This study aims to quantify projected changes in Puget Sound ocean temperature and salinity under future climate change. As with many estuaries and coastal systems globally, the physics of Puget Sound and the Salish Sea over recent decades are well studied and modeled (Sutherland et al. 2011; Soontiens et al. 2016; Khangaonkar et al. 2017; MacCready et al. 2021), but high-resolution future predictions under climate change are a pressing need (Puget Sound Partnership 2019). We applied empirical downscaling techniques to derive high-resolution projections of future conditions in Puget Sound, based on low and high emission scenario outputs of coarse-resolution GCMs from CMIP6. Our focus was on deriving downscaled projections of sea surface temperature (SST) and salinity for years 2020–2050 and 2070–2100 in Puget Sound and analyzing how projections vary across Puget Sound basins. Data from this study will be used to drive an end-to-end Atlantis ecosystem model of oceanography, food webs, and human activities in Puget Sound (Morzaria-Luna et al. 2022), which will allow for a rapid assessment of vulnerability of the Puget Sound ecosystem to climate change. Empirical downscaling approaches are commonly used as a creative solution to complement dynamical downscaling studies (Drenkard et al. 2021). By incorporating the latest CMIP6 results, this study augments past oceanographic projections for Puget Sound using CMIP5, specifically Khangaonkar et al. (2019), which estimated an average ocean temperature increase of 1.51 °C in the Salish Sea under a high-emissions scenario (RCP8.5). Additionally, our study demonstrates the uses and limitations of empirically downscaling GCM output for coastal ocean ecosystems and regional modeling analysis. We offer an important example of how empirical downscaling can be efficiently developed to answer questions of ecosystem-based management (EBM) and climate-vulnerability of a marine system. In the context of Puget Sound, an urban estuary where assessment of climate change is urgently needed to protect endangered species, including salmon and the Southern Residents, our study is a first-step sensitivity analysis of Puget Sound vulnerability to SST and salinity changes.
METHODS
We developed downscaled projections for SST and sea surface salinity (practical salinity, called salinity hereafter) in Puget Sound using the Delta Method (Ramirez-Villegas & Jarvis 2010). As detailed in the following subsections, SST and salinity anomalies were calculated from between the hindcast (1984–2014) and short-term (2020–2050) and long-term (2070–2100) forecast climatologies using GFDL-CM4 (Held et al. 2019) and CNRM-CM6-1-HR (Voldoire et al. 2019) GCM model outputs. Next, we interpolated the anomalies using thin-plate spline (TPS) interpolation and applied them to a 2-year (2005–2006) temperature and salinity time series generated by the high-resolution MoSSea Regional Ocean Modeling System (ROMS) (Modeling the Salish Sea; Sutherland et al. 2011). The adjusted time series will be used to drive the Atlantis Ecosystem Model for Puget Sound – a spatially explicit, three dimensional model that integrates physical, chemical, ecological, and anthropogenic processes using dynamic, two-way coupling (Morzaria-Luna et al. 2022). All analyses were carried out using the R statistical framework (R Core Team 2021). All code is available in Github: https://github.com/steviewalker/Puget_Sound_Downscaling. Downscaled projections are archived in the Knowledge Network for Biocomplexity data repository: https://knb.ecoinformatics.org/view/urn:uuid:4e23e90b-87d8-42d4-aec5-80159d2c813d.
Study area
Map of the Salish Sea. The four main basins in Puget Sound include Hood Canal, South Puget Sound, Main Basin (Admiralty Inlet and Central Puget Sound), and Whidbey Basin.

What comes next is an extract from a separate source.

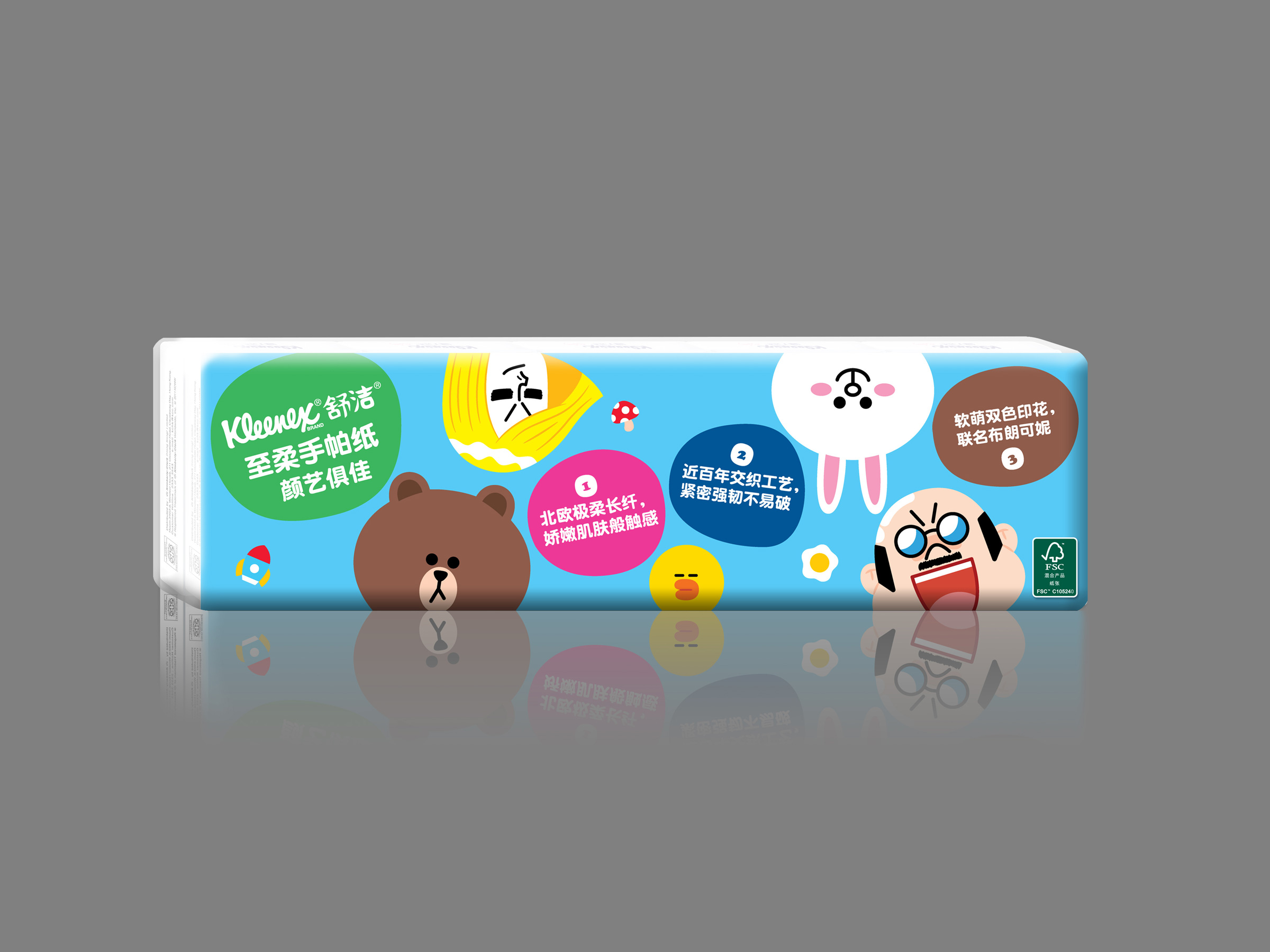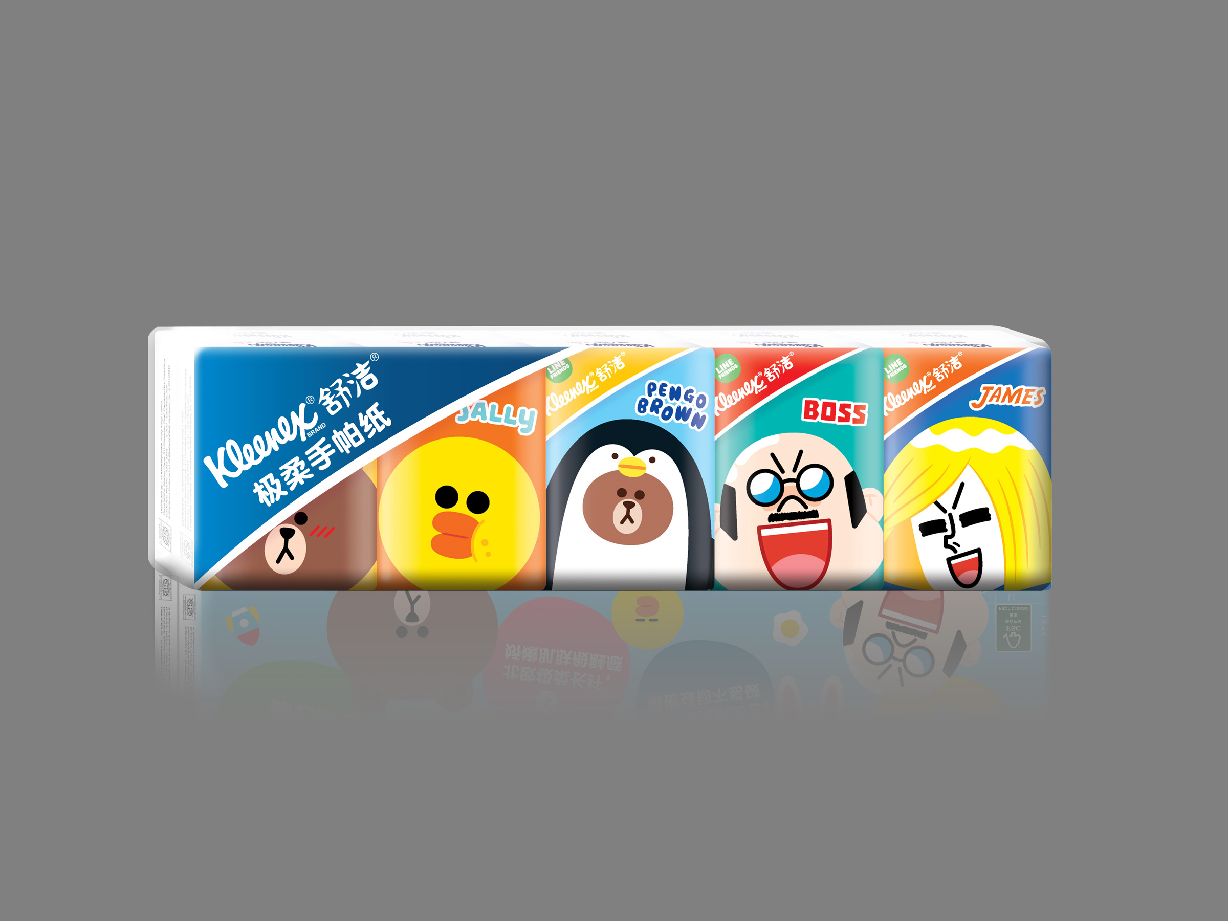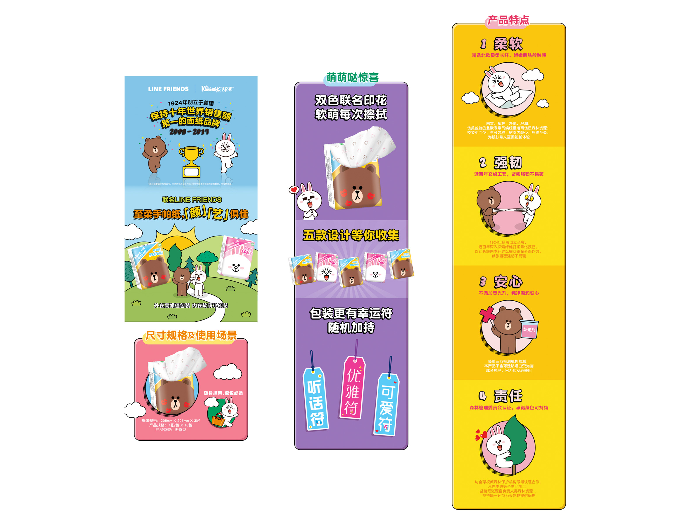 A product upgrade project for Kleenex China, one of the largest tissue brand in the world. In 2018, Kleenex China decided to crossover with Line Friends and redesign the whole product line of tissue products. Including hanky, soft pack, box tissue…etc. This project were not only adapt Line Friends characters into existing packaging, but also require to redesign each character to fit into each creative on packaging and online production description graphics.

Map of the Salish Sea. The four main basins in Puget Sound include Hood Canal, South Puget Sound, Main Basin (Admiralty Inlet and Central Puget Sound), and Whidbey Basin.
ScenarioMIP and GCM selection
CMIP6 builds upon climate modeling advances made in CMIP5 by introducing a new set of scenarios from the Scenario Model Intercomparison Project (ScenarioMIP), which integrates future emission projections with societal concerns (O'Neill et al. 2016). Four different SSPs were used in this study: ssp126, rapid emission reductions and intensive climate mitigation; ssp245, some emission reductions and intermediate climate mitigation; ssp370, international disparities in emission reduction and increased environmental degradation; and ssp585, business-as-usual fossil fueled world with little to no climate mitigation (O'Neill et al. 2016; Riahi et al. 2017).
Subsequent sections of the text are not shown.